• **Exercise inputs**:
━━━━━━━━━━━━━━━━━━━━━━━━━━━━━━

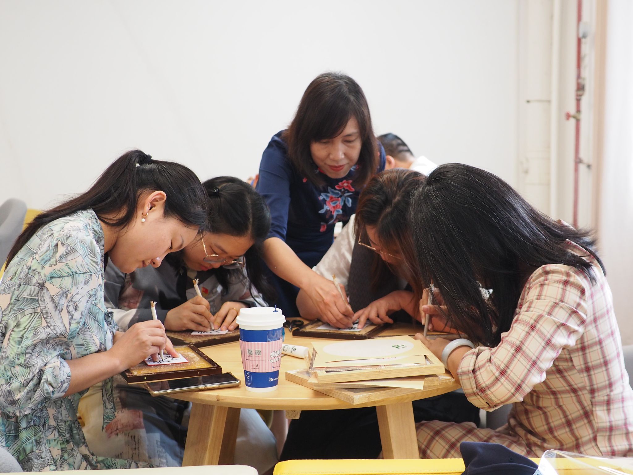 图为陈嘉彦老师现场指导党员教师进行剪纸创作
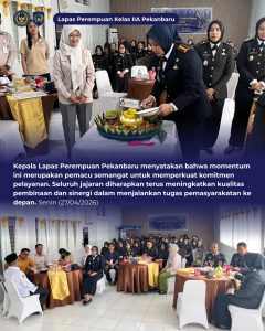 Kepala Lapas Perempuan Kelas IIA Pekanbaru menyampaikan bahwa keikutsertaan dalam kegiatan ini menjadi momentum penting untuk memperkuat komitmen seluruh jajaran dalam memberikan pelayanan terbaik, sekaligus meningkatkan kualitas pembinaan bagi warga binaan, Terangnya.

━━━━━━━━━━━━━━━━━━━━━━━━━━━━━━

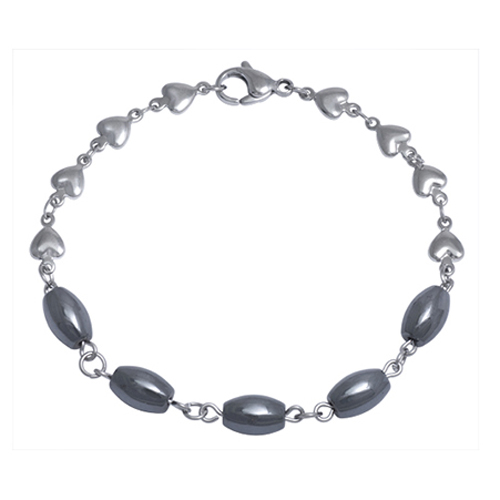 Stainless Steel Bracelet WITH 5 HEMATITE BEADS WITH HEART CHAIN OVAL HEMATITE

━━━━━━━━━━━━━━━━━━━━━━━━━━━━━━

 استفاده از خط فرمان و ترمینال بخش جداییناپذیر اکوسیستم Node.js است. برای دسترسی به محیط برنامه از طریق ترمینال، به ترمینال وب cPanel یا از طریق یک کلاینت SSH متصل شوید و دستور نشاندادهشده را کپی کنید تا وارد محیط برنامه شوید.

━━━━━━━━━━━━━━━━━━━━━━━━━━━━━━

• **Your task**:
In the records above, everything from the line with "图为陈嘉彦老师现场指导党员教师进行剪纸创作" down to the line with "Kepala Lapas Perempuan" is to be set down exactly, both ends included, with no pictures and no other lines.

• **Reply**:
 图为陈嘉彦老师现场指导党员教师进行剪纸创作
 Kepala Lapas Perempuan Kelas IIA Pekanbaru menyampaikan bahwa keikutsertaan dalam kegiatan ini menjadi momentum penting untuk memperkuat komitmen seluruh jajaran dalam memberikan pelayanan terbaik, sekaligus meningkatkan kualitas pembinaan bagi warga binaan, Terangnya.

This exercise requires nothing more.